*** Begin section ***
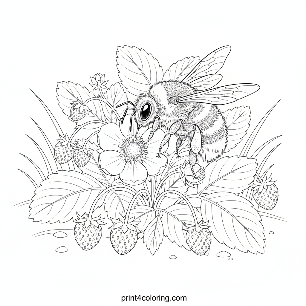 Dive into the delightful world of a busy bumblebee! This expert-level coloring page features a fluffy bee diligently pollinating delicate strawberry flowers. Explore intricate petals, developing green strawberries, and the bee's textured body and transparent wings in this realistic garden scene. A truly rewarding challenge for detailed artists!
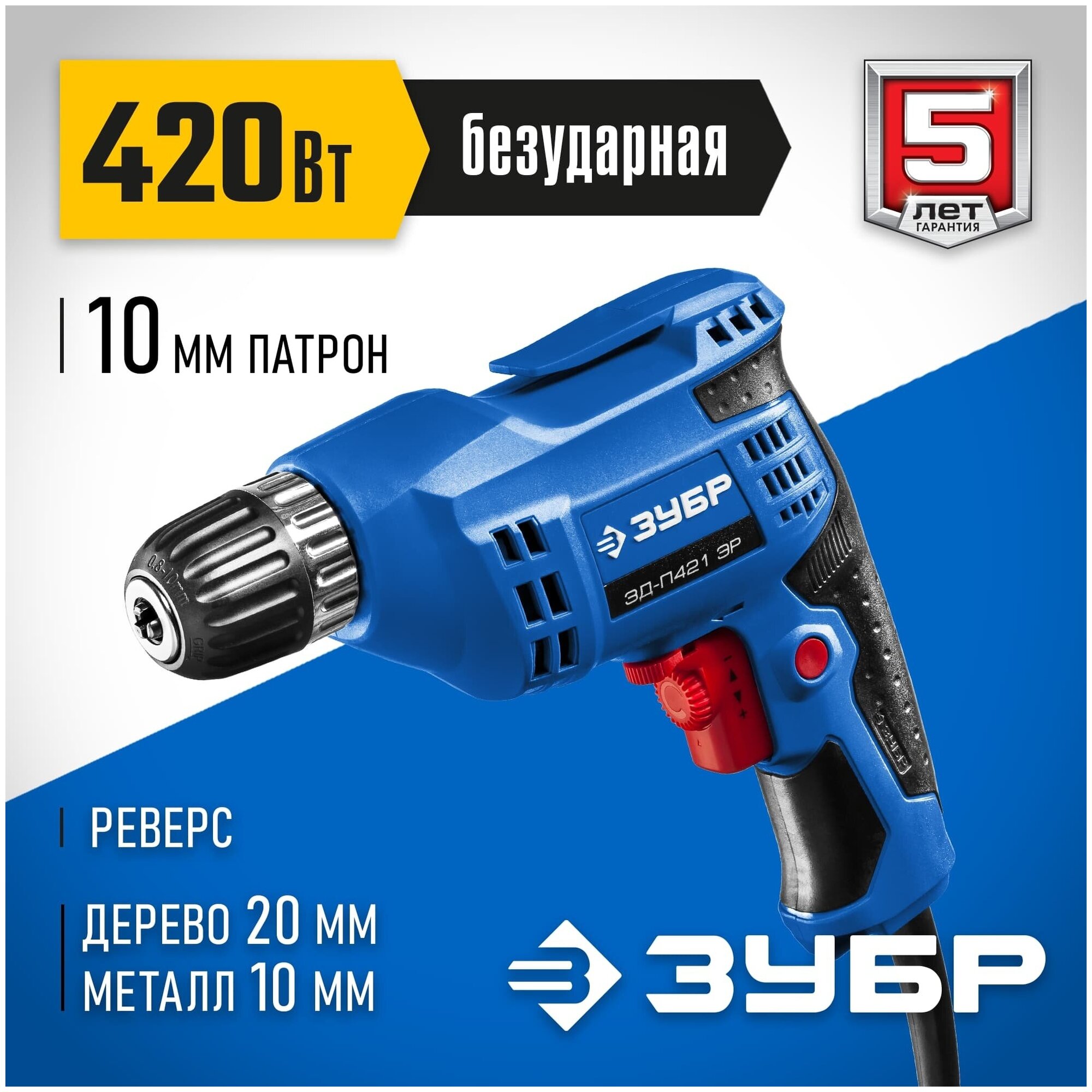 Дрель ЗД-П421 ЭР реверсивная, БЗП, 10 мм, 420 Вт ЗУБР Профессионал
*** End section ***
*** Begin section ***
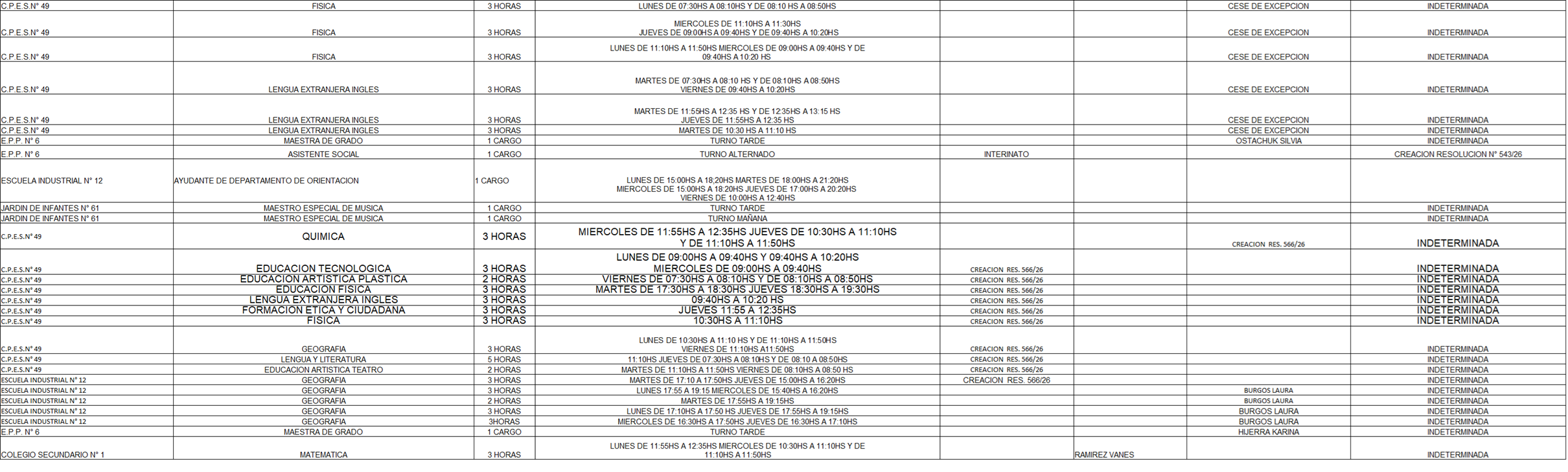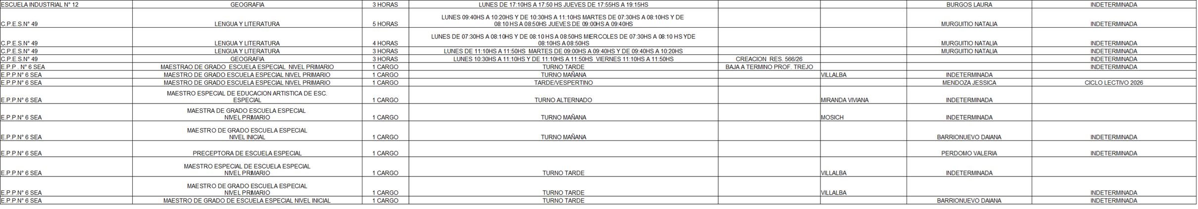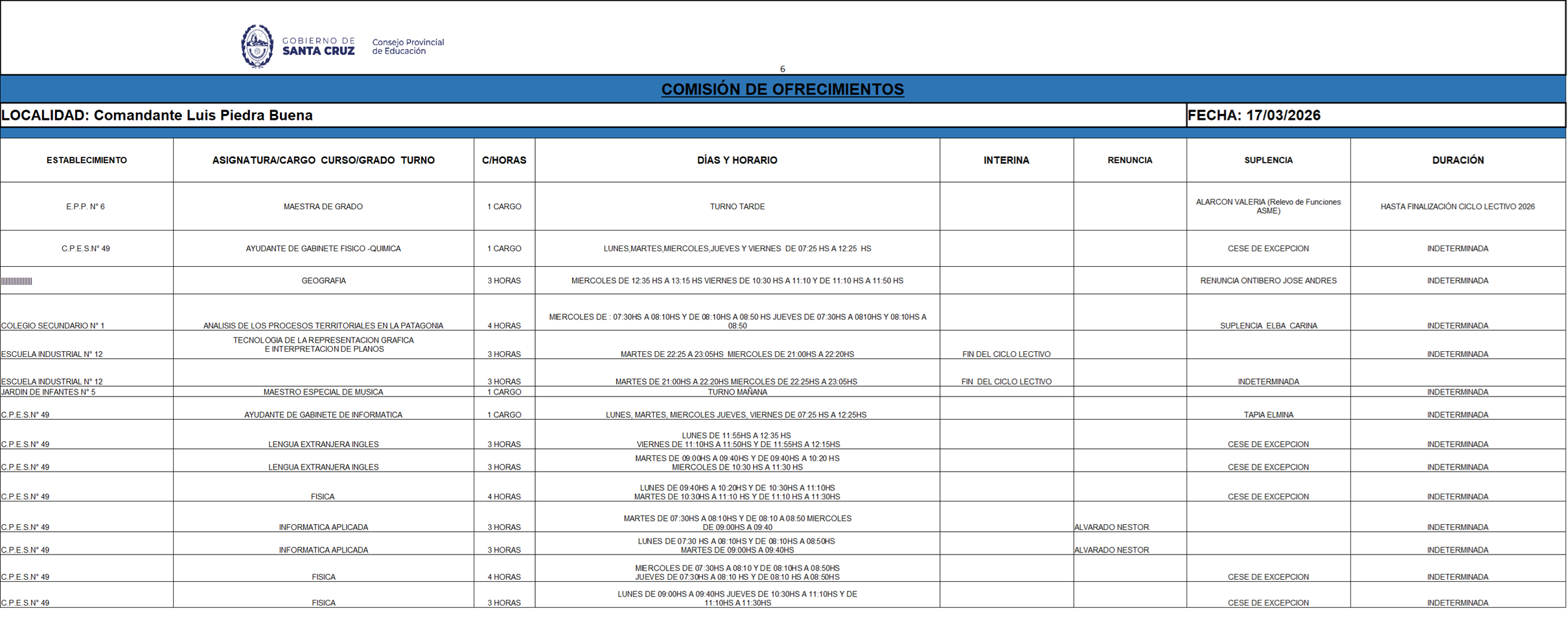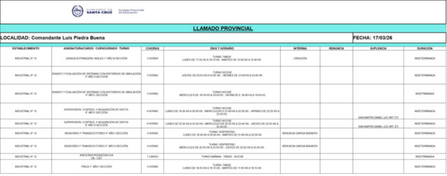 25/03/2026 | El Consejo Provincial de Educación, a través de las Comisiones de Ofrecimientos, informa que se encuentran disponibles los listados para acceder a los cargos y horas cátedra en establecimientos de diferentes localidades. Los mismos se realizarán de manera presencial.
*** End section ***
_Your assignment_
Your answer should consist of the lines above between those holding "Dive into the" and "Дрель ЗД-П421 ЭР", inclusive, reproduced word for word and without pictures.

_Exercise solution_
 Dive into the delightful world of a busy bumblebee! This expert-level coloring page features a fluffy bee diligently pollinating delicate strawberry flowers. Explore intricate petals, developing green strawberries, and the bee's textured body and transparent wings in this realistic garden scene. A truly rewarding challenge for detailed artists!
 Дрель ЗД-П421 ЭР реверсивная, БЗП, 10 мм, 420 Вт ЗУБР Профессионал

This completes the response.